What the task asks:
Go through the listing below and write out exactly the lines from the one that mentions "In der weiten" through the one that mentions "华中科技大学2007年半岛在线注册真题-材料科学基础", minus the pictures.

─── Listed entries

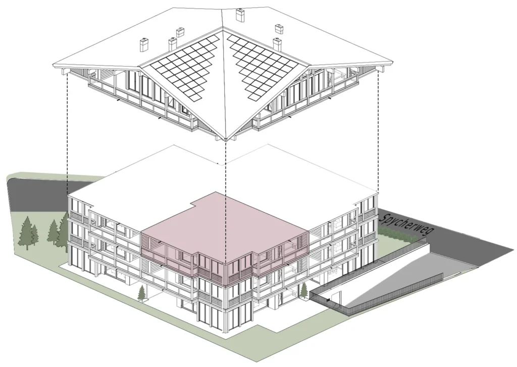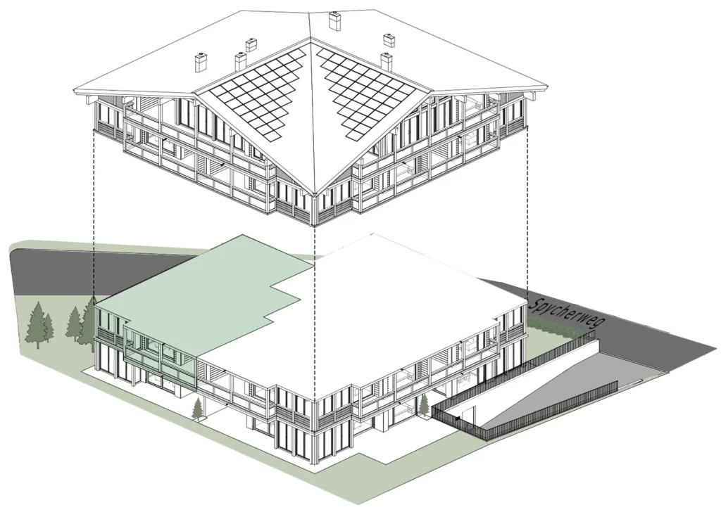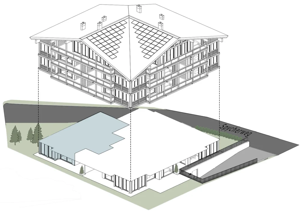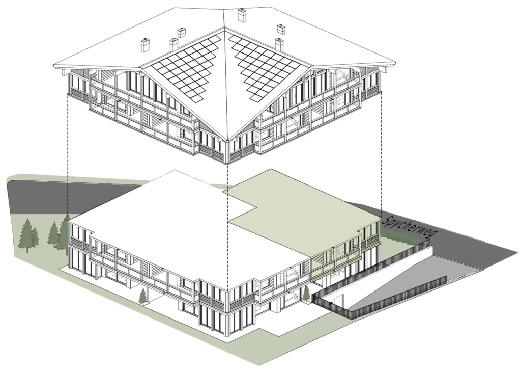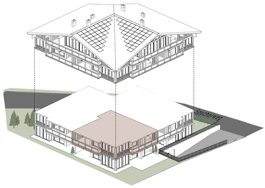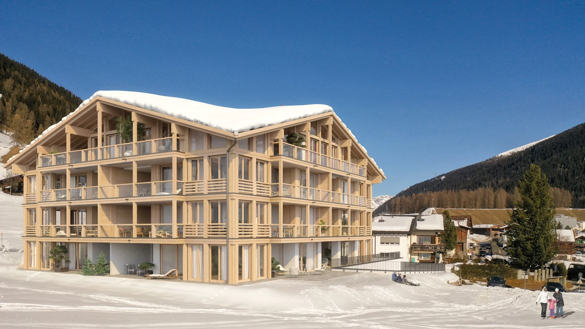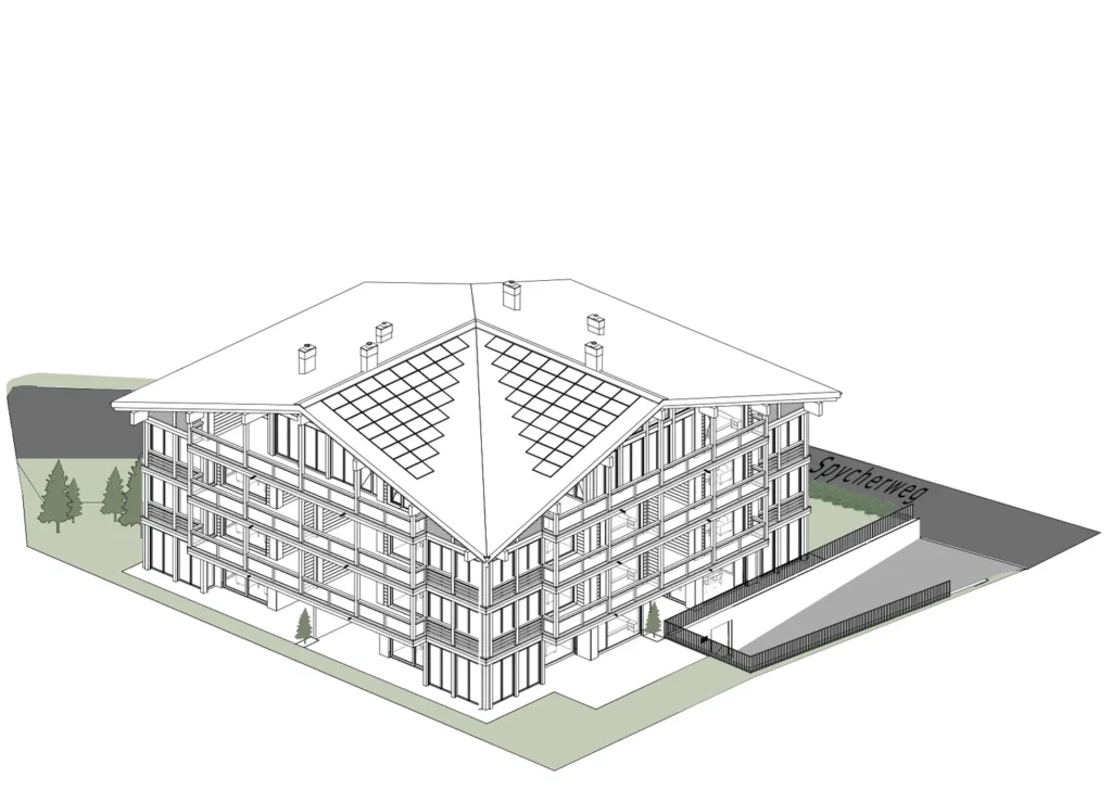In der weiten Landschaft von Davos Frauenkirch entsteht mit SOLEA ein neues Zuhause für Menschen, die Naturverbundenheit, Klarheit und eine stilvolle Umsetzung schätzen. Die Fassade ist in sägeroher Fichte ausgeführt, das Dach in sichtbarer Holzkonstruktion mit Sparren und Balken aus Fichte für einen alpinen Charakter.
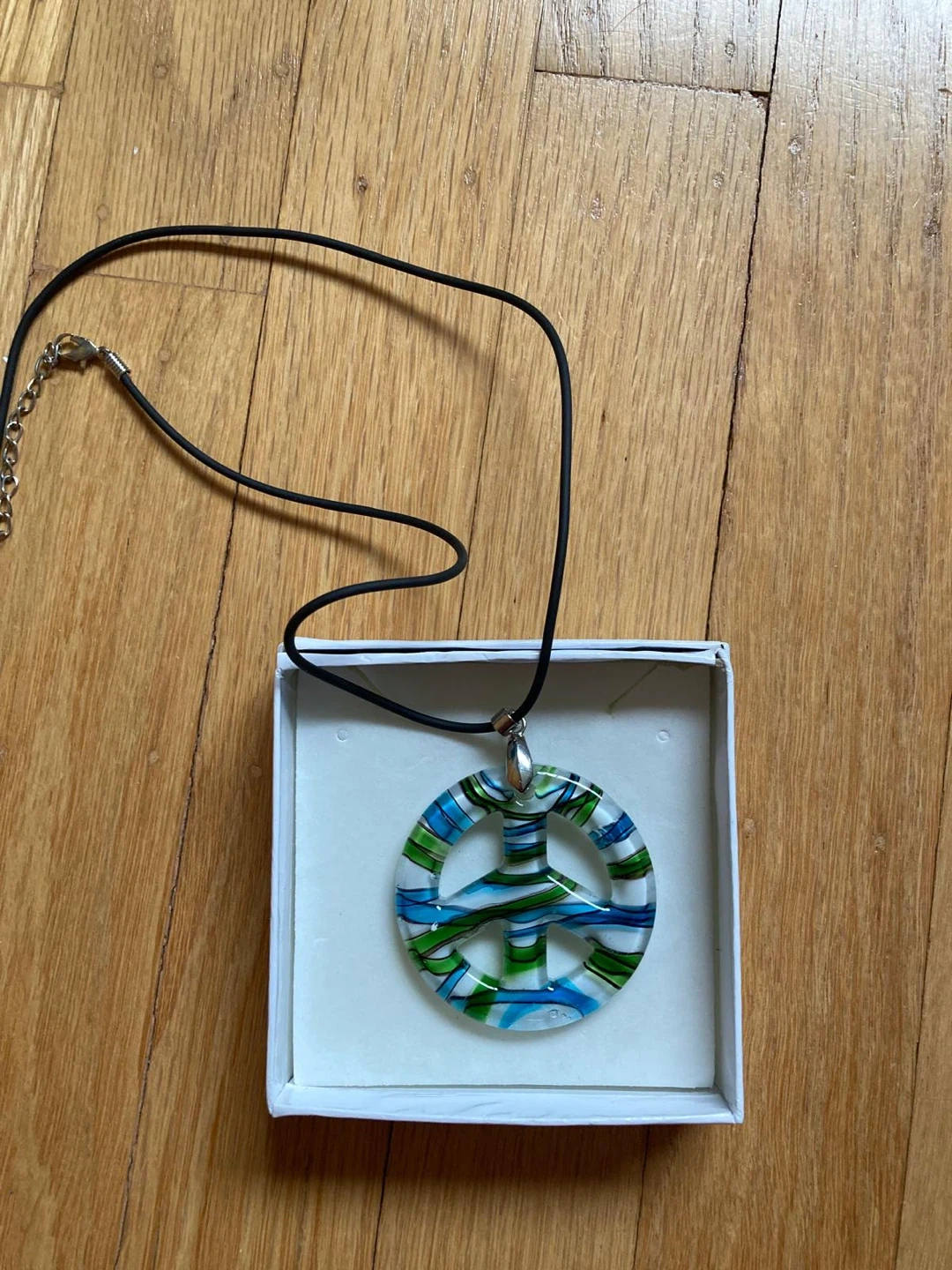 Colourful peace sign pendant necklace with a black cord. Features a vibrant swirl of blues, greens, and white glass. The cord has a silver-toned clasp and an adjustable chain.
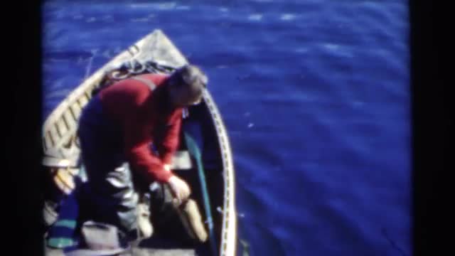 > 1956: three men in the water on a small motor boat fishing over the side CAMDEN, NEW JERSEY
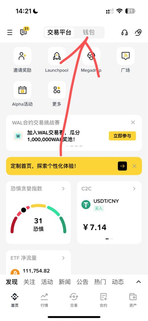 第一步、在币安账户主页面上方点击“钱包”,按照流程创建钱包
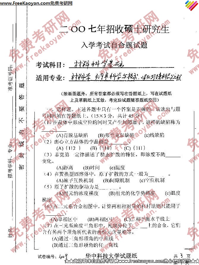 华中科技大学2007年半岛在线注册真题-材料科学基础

──────
─── Listed entries

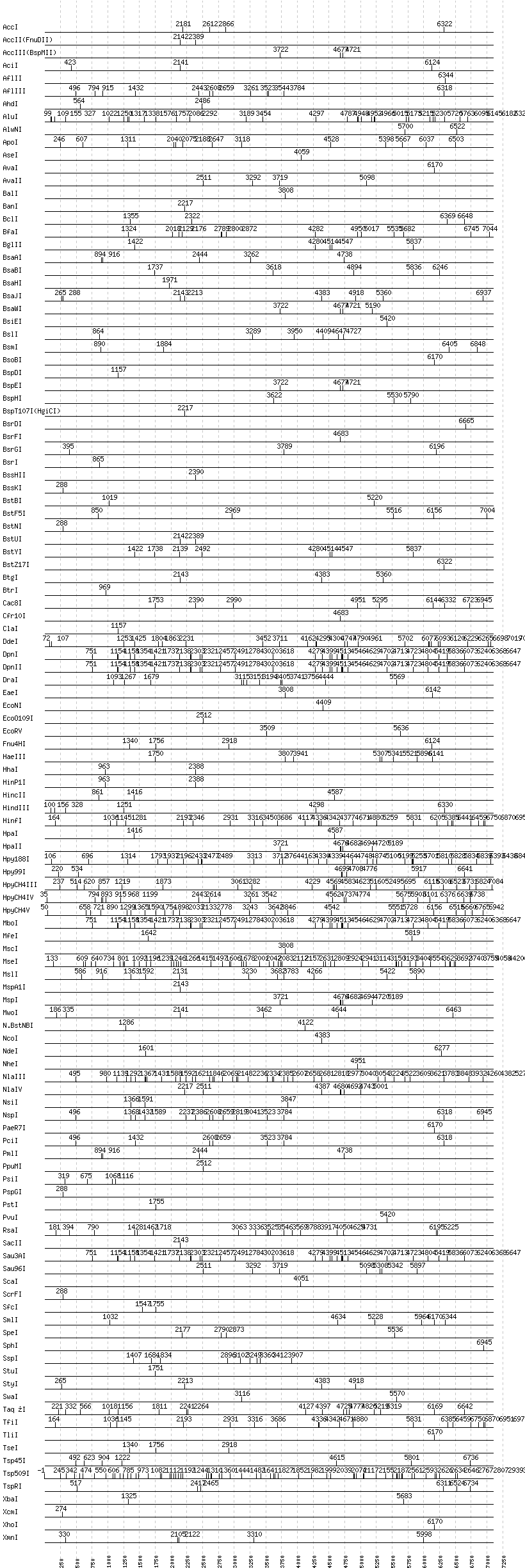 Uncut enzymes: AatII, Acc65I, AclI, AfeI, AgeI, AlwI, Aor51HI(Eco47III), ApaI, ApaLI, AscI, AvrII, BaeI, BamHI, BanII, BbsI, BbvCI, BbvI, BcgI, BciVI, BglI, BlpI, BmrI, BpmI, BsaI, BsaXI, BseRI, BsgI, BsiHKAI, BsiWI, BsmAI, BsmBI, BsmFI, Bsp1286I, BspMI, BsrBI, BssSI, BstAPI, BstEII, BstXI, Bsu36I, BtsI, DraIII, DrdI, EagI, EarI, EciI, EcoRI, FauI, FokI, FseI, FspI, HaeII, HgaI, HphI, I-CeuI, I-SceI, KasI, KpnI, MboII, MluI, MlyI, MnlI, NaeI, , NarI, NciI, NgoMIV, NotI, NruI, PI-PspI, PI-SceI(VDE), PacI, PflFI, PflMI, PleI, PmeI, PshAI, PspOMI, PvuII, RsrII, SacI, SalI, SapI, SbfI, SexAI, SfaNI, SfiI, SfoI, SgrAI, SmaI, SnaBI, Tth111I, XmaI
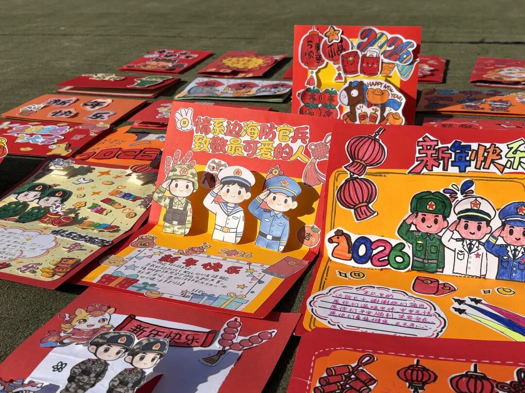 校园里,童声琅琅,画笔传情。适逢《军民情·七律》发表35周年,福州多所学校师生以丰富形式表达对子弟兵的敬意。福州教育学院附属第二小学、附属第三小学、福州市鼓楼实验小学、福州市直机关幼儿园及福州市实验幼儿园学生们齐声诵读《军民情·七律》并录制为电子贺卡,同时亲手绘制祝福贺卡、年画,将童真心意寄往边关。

──────
─── Listed entries

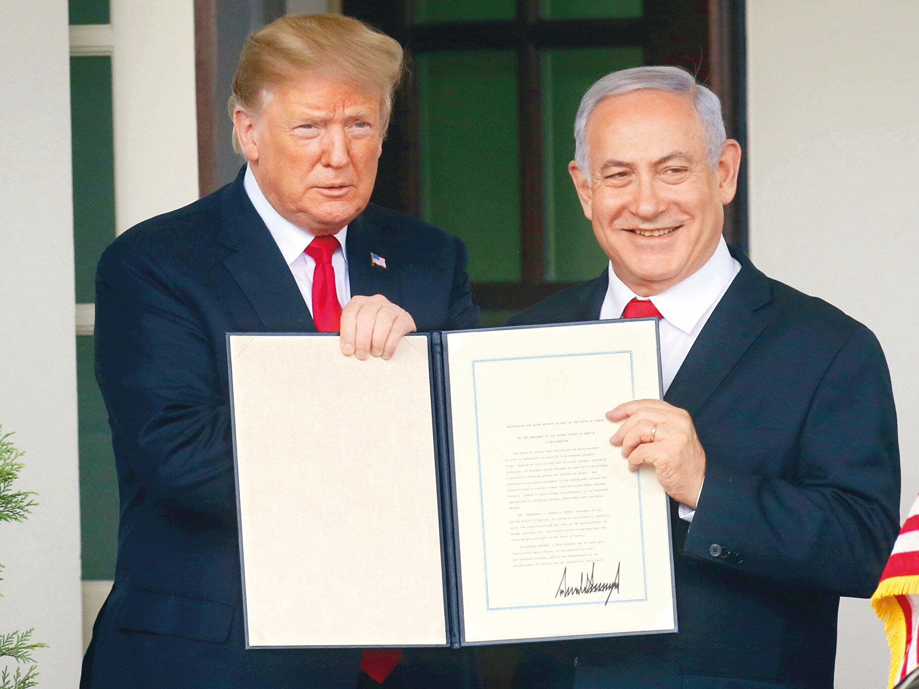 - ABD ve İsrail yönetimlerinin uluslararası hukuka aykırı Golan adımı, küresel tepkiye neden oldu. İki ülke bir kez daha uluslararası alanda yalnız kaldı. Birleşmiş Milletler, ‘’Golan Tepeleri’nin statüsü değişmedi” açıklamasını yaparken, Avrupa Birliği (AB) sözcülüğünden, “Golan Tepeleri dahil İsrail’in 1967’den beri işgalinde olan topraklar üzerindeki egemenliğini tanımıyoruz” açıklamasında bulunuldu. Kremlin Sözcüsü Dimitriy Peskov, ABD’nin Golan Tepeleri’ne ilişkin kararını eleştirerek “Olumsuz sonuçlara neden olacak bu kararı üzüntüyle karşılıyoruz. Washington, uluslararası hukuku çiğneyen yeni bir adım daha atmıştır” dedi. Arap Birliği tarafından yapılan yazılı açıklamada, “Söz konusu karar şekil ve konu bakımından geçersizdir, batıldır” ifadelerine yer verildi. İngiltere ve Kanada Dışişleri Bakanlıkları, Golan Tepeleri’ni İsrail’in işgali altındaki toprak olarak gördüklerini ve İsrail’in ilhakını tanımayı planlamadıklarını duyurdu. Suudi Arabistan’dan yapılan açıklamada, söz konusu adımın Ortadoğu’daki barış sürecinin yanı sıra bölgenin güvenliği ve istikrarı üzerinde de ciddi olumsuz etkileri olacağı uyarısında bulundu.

──────

Answer for this exercise:
In der weiten Landschaft von Davos Frauenkirch entsteht mit SOLEA ein neues Zuhause für Menschen, die Naturverbundenheit, Klarheit und eine stilvolle Umsetzung schätzen. Die Fassade ist in sägeroher Fichte ausgeführt, das Dach in sichtbarer Holzkonstruktion mit Sparren und Balken aus Fichte für einen alpinen Charakter.
 Colourful peace sign pendant necklace with a black cord. Features a vibrant swirl of blues, greens, and white glass. The cord has a silver-toned clasp and an adjustable chain.
 > 1956: three men in the water on a small motor boat fishing over the side CAMDEN, NEW JERSEY
 第一步、在币安账户主页面上方点击“钱包”,按照流程创建钱包
 华中科技大学2007年半岛在线注册真题-材料科学基础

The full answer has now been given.